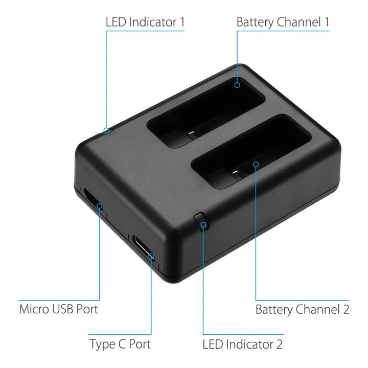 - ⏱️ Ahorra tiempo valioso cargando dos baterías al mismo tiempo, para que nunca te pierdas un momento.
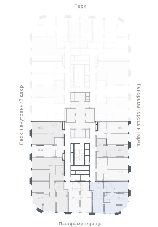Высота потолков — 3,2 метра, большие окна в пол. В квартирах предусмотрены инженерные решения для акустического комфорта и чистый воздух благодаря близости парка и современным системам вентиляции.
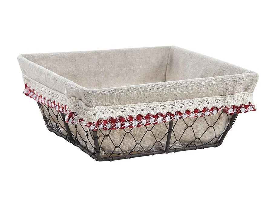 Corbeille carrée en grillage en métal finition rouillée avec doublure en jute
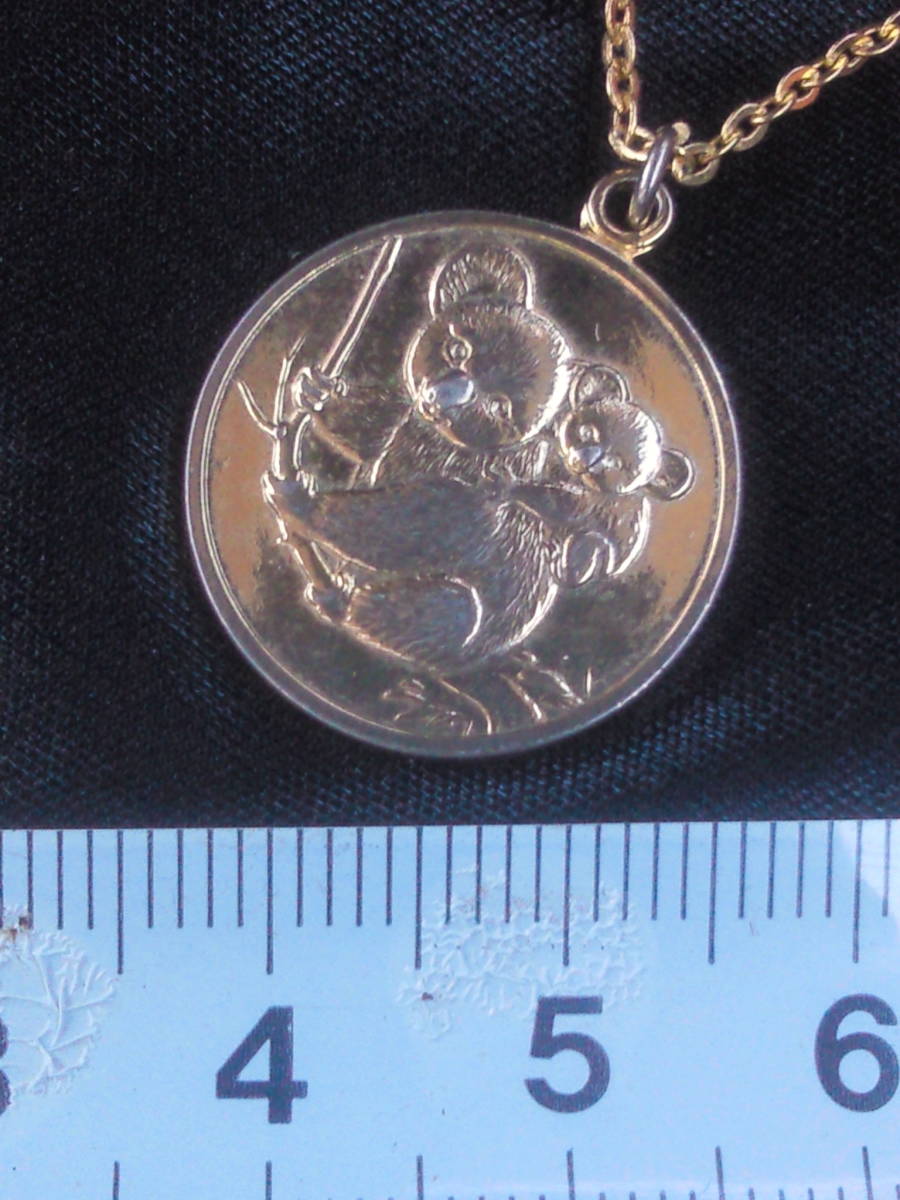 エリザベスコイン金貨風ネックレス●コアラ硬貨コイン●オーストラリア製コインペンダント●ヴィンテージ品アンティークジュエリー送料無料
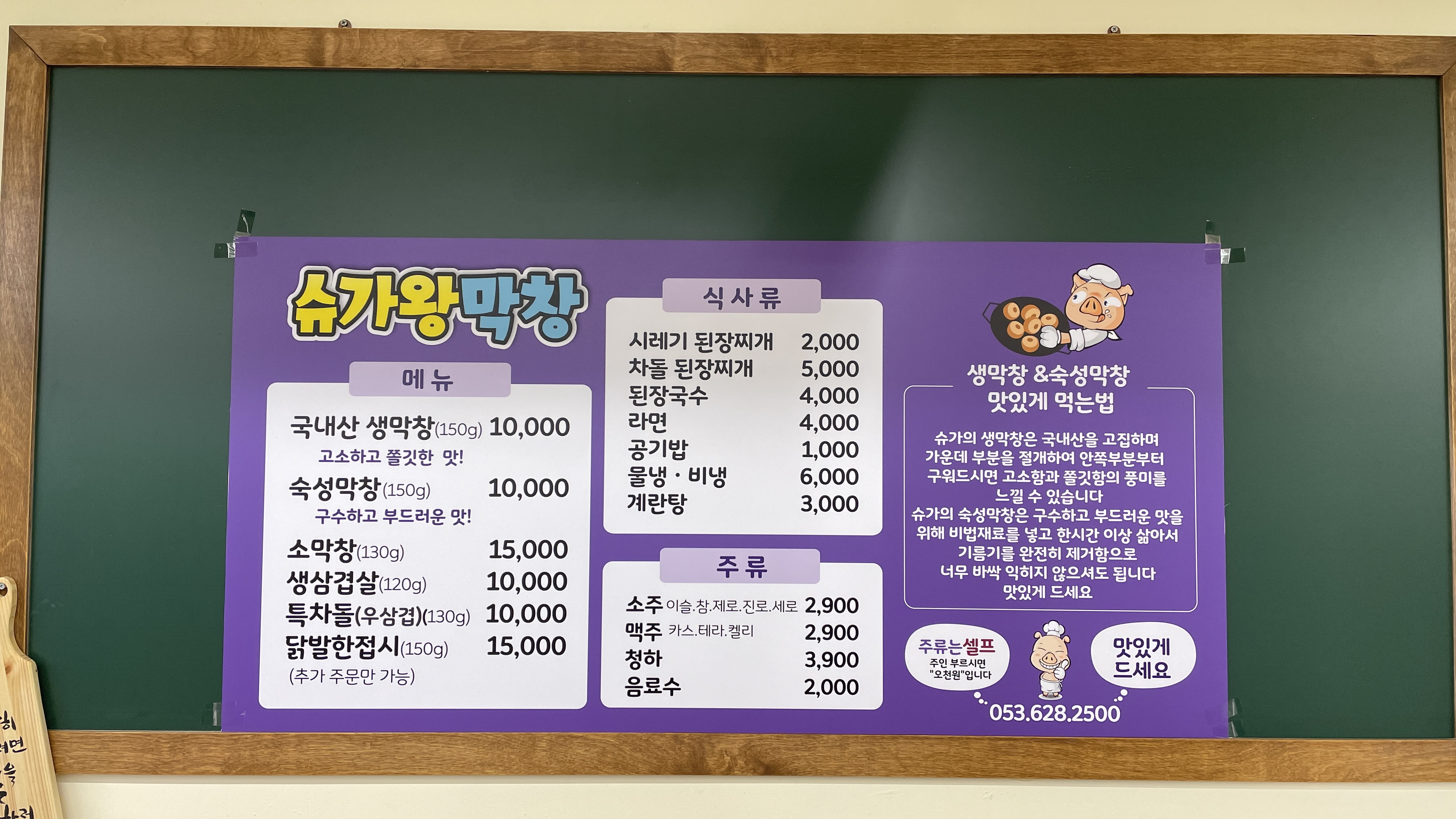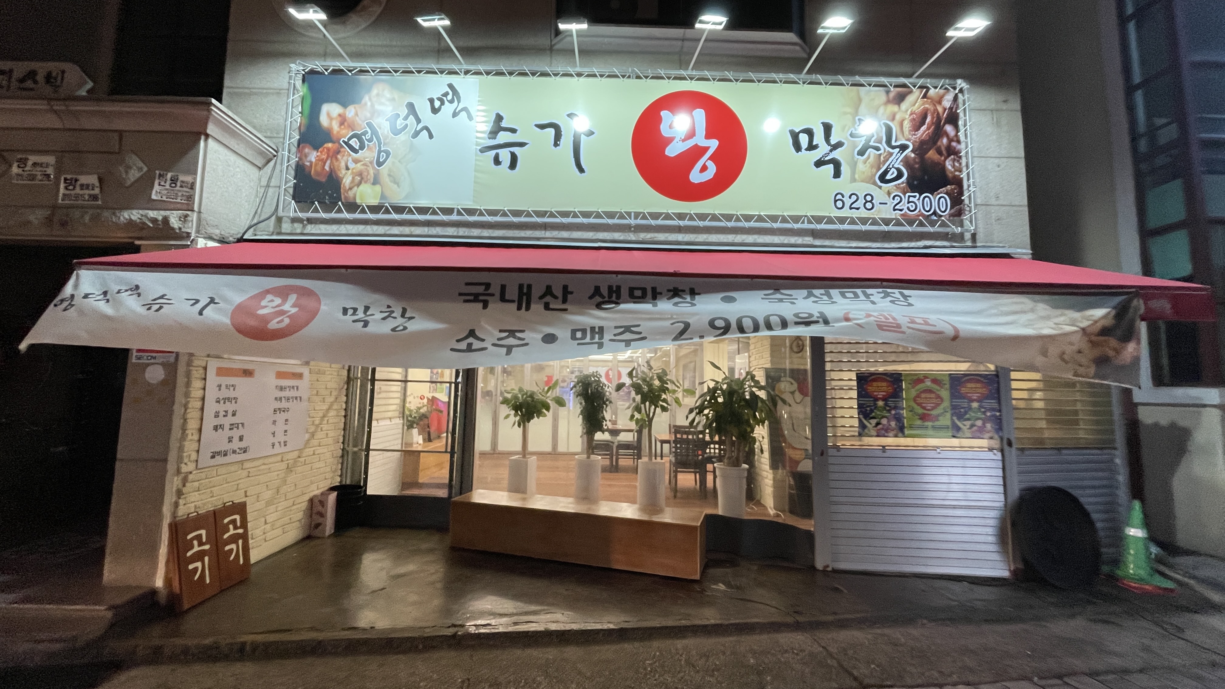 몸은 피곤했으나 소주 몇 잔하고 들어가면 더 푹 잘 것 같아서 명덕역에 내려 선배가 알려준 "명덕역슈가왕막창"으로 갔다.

**Exercise aim:** Reproduce the records above exactly, excluding every picture.

**Exercise result:**
 - ⏱️ Ahorra tiempo valioso cargando dos baterías al mismo tiempo, para que nunca te pierdas un momento.
Высота потолков — 3,2 метра, большие окна в пол. В квартирах предусмотрены инженерные решения для акустического комфорта и чистый воздух благодаря близости парка и современным системам вентиляции.
 Corbeille carrée en grillage en métal finition rouillée avec doublure en jute
 エリザベスコイン金貨風ネックレス●コアラ硬貨コイン●オーストラリア製コインペンダント●ヴィンテージ品アンティークジュエリー送料無料
 몸은 피곤했으나 소주 몇 잔하고 들어가면 더 푹 잘 것 같아서 명덕역에 내려 선배가 알려준 "명덕역슈가왕막창"으로 갔다.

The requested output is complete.